One of the architectural features pointed out to us on our way to the next stop was the transom windows at the top. When steam trains used to come into the factory, the windows were the way to release all the heat and moisture. The levers that controlled these openings, reminded me a little bit of the ones that opened and closed the really high windows that were in my high school gym.

The waterfall in the center of the market helps to mute some of the noise from the foot traffic and to create a calming atmosphere.

The next stop on our tour is one of my favorite shops in the entire market: Buon Italia.

Aside from all the great things to buy there – olive oils, cheeses, cured meats, and lots of other wonderful items from Italy – the best part was that we got to taste some of these goodies. With the help of some whole wheat bread from Amy’s Bread, we sampled marinated olives, smoked mozzarella, mortadella, salami, artichoke spread, and pickled mini onions.
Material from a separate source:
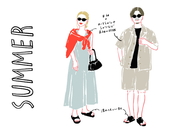 7月、8月になると、旭川など内陸では近年35℃近くまで気温が上がるようになりました。基本的には半袖で快適に過ごせますが、紫外線対策を考えて、長袖の羽織が1枚あると活躍しそうです。

After a brief stop to look at the Manhattan Fruit and Vegetable Exchange, where there were lots of oohs and ahhs over all the fresh produce, we got to visit Sarabeth’s Bakery. There we were treated to samples of her homemade biscuits and fruit spread.

We paid a visit to Chelsea Market Baskets and looked at all the foods and chocolates that they can put together for gifts. Then, we stopped off at the T-Salon, where I discovered they have a little cafe in the back. The blossoming teas that they laid out to show us were almost too pretty to drink.

Amazingly, after all of that, we managed just enough room leftover to sample some gelato from L’Arte del Gelato.

Then, after all the eating, we did some walking around. We looked at the outside of the factory and saw the High Line, the rail line that ran into the warehouse buildings and which delivered goods into the factories and manufacturing plants. This is now destined to be come an elevated park running the length of the old train tracks. This is a piece of New York’s industrial history that will be preserved and recycled into a more modern use.

This is the first time I’ve taken a tour with this particular group. I think that it won’t be my last. I’m looking forward to the next opportunity to check out an area of the city which has great eats – and maybe drinks.

Buon appetito!

Cheese Ravioli

When I weeded out my cookbook collection last year, I was pretty vigilant. I took an especially critical look at my Italian collection, as I had quite a few volumes about this cuisine. In doing some research on the last of the series of Lent-friendly family recipes, I combed through several of them, but this one was where I found the recipe for which I was looking – classic Cheese Ravioli.

Again, this was not one of the favorites of the siblings with whom I did a straw poll. Bland, was one word that was used. Heavy, was another. Having eaten plenty of ravioli, tortelloni and other cheese-filled pastas in Italy proper, I can attest to the fact that they can be culinary wonders, luscious and comforting, if prepared properly. This is completely the opposite of any pasta that ever came out of a can when we were growing up, not that we ate that in my house, that was only available at other people’s houses. In re-reading this book, I was drawn into the poetry and passion of the author for his subject, and I completely share his conviction that handmade pasta can be simple and ethereal.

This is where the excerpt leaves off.